About this task >>
Please make an exact copy of the listing, without the pictures.

[[ Collected data open ]]

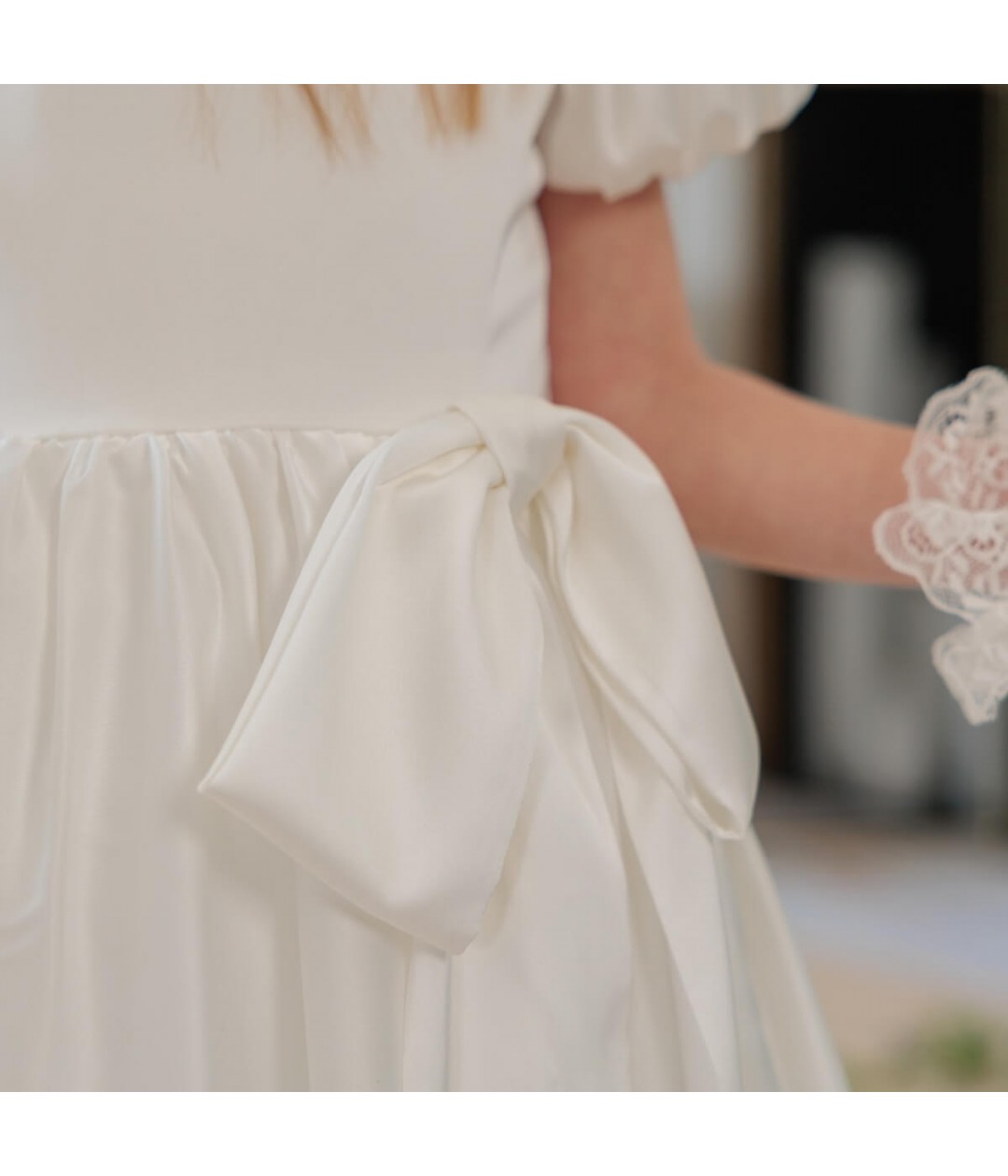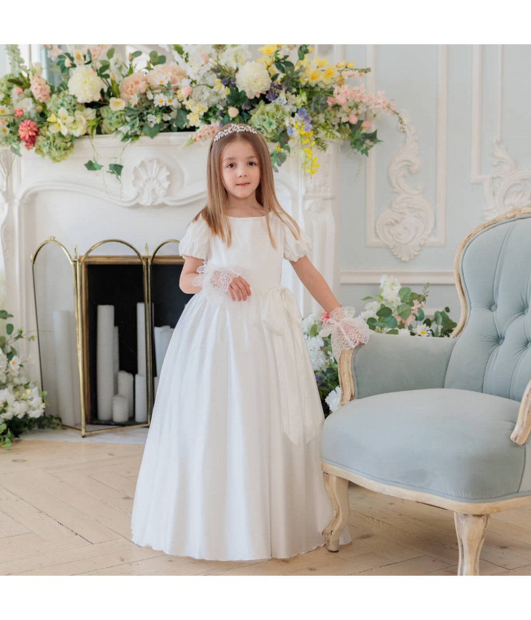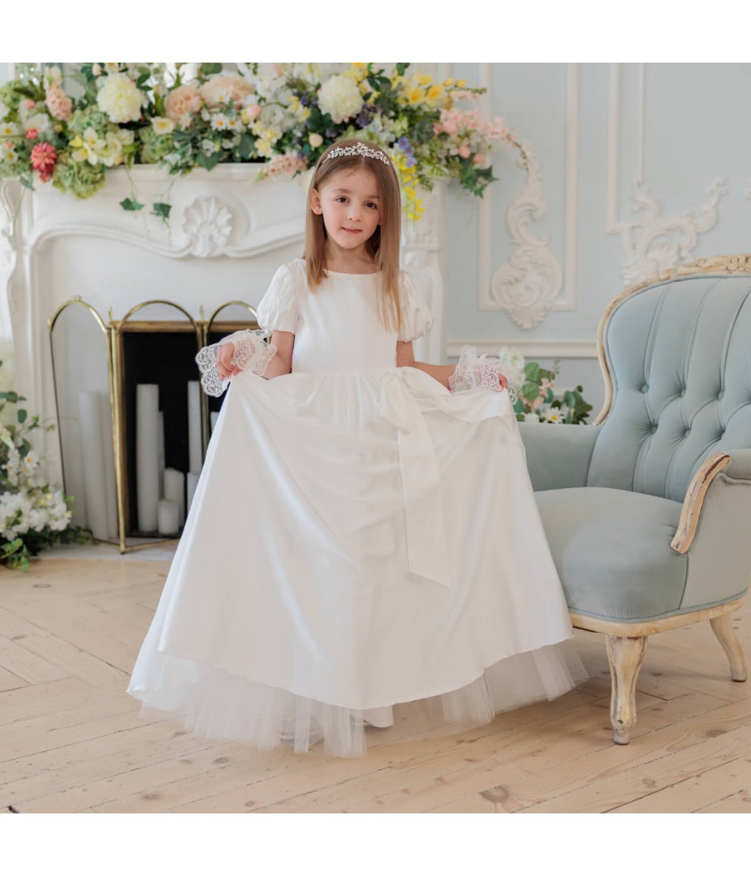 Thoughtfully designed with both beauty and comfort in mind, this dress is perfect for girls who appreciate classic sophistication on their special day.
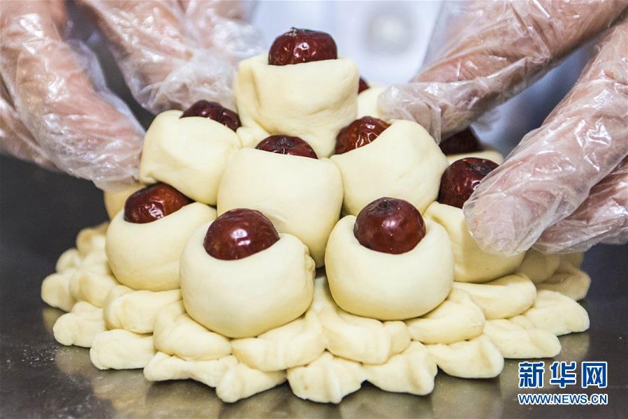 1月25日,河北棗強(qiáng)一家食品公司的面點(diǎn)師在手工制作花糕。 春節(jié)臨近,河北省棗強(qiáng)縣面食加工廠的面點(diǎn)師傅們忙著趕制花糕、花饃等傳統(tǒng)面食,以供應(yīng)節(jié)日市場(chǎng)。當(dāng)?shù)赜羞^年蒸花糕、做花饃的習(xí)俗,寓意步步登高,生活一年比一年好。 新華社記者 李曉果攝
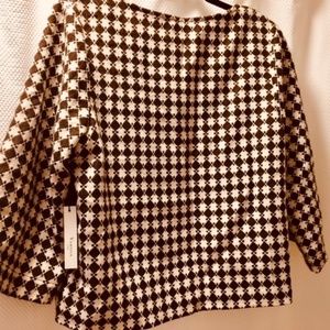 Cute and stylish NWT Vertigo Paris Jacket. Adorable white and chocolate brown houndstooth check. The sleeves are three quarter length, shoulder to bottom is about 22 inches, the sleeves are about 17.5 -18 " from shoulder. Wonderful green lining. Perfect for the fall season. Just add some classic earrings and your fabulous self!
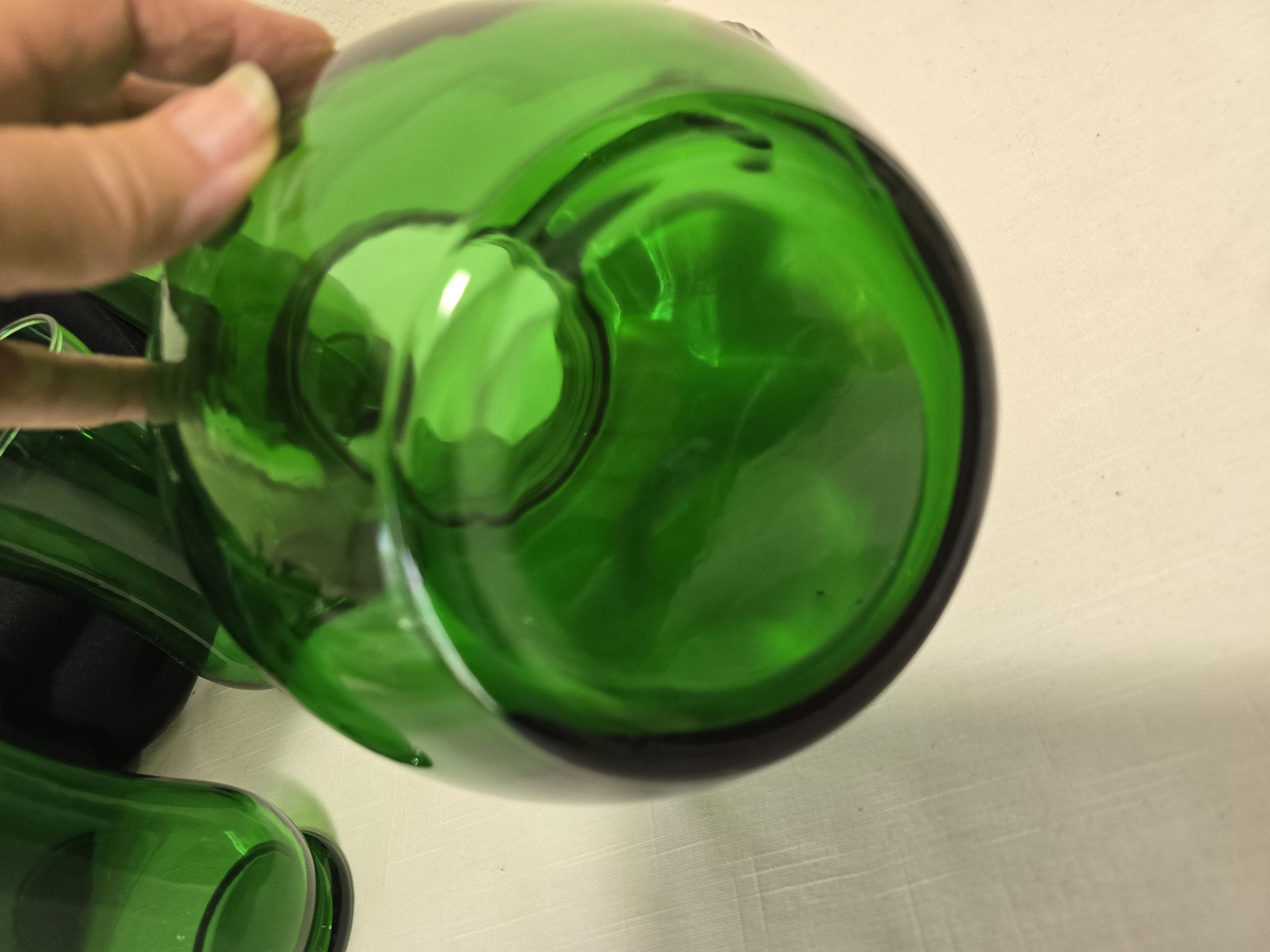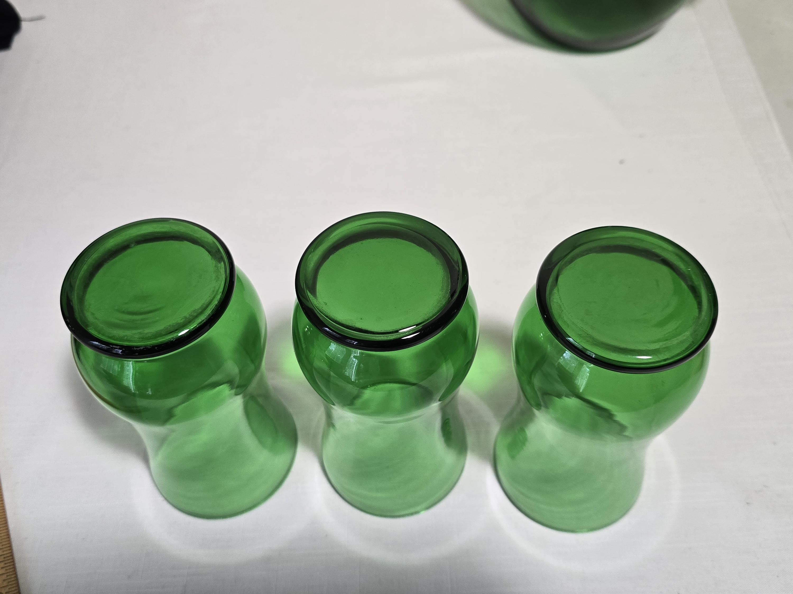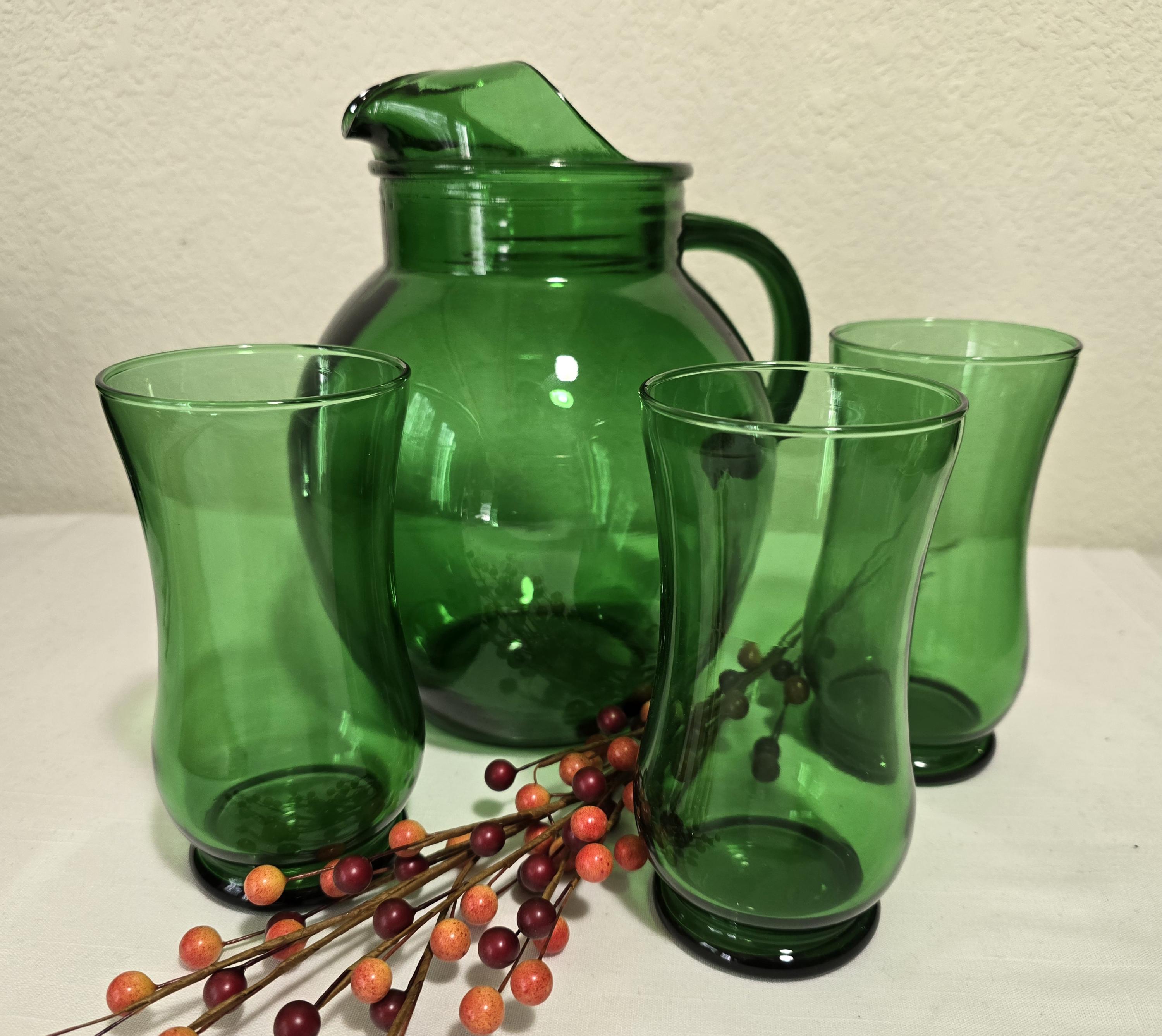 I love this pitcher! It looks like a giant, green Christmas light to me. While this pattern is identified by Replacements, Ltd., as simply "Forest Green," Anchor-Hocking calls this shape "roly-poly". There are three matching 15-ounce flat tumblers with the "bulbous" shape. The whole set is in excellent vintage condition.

[[ Collected data closed ]]

Reply >>
 Thoughtfully designed with both beauty and comfort in mind, this dress is perfect for girls who appreciate classic sophistication on their special day.
 1月25日,河北棗強(qiáng)一家食品公司的面點(diǎn)師在手工制作花糕。 春節(jié)臨近,河北省棗強(qiáng)縣面食加工廠的面點(diǎn)師傅們忙著趕制花糕、花饃等傳統(tǒng)面食,以供應(yīng)節(jié)日市場(chǎng)。當(dāng)?shù)赜羞^年蒸花糕、做花饃的習(xí)俗,寓意步步登高,生活一年比一年好。 新華社記者 李曉果攝
 Cute and stylish NWT Vertigo Paris Jacket. Adorable white and chocolate brown houndstooth check. The sleeves are three quarter length, shoulder to bottom is about 22 inches, the sleeves are about 17.5 -18 " from shoulder. Wonderful green lining. Perfect for the fall season. Just add some classic earrings and your fabulous self!
 I love this pitcher! It looks like a giant, green Christmas light to me. While this pattern is identified by Replacements, Ltd., as simply "Forest Green," Anchor-Hocking calls this shape "roly-poly". There are three matching 15-ounce flat tumblers with the "bulbous" shape. The whole set is in excellent vintage condition.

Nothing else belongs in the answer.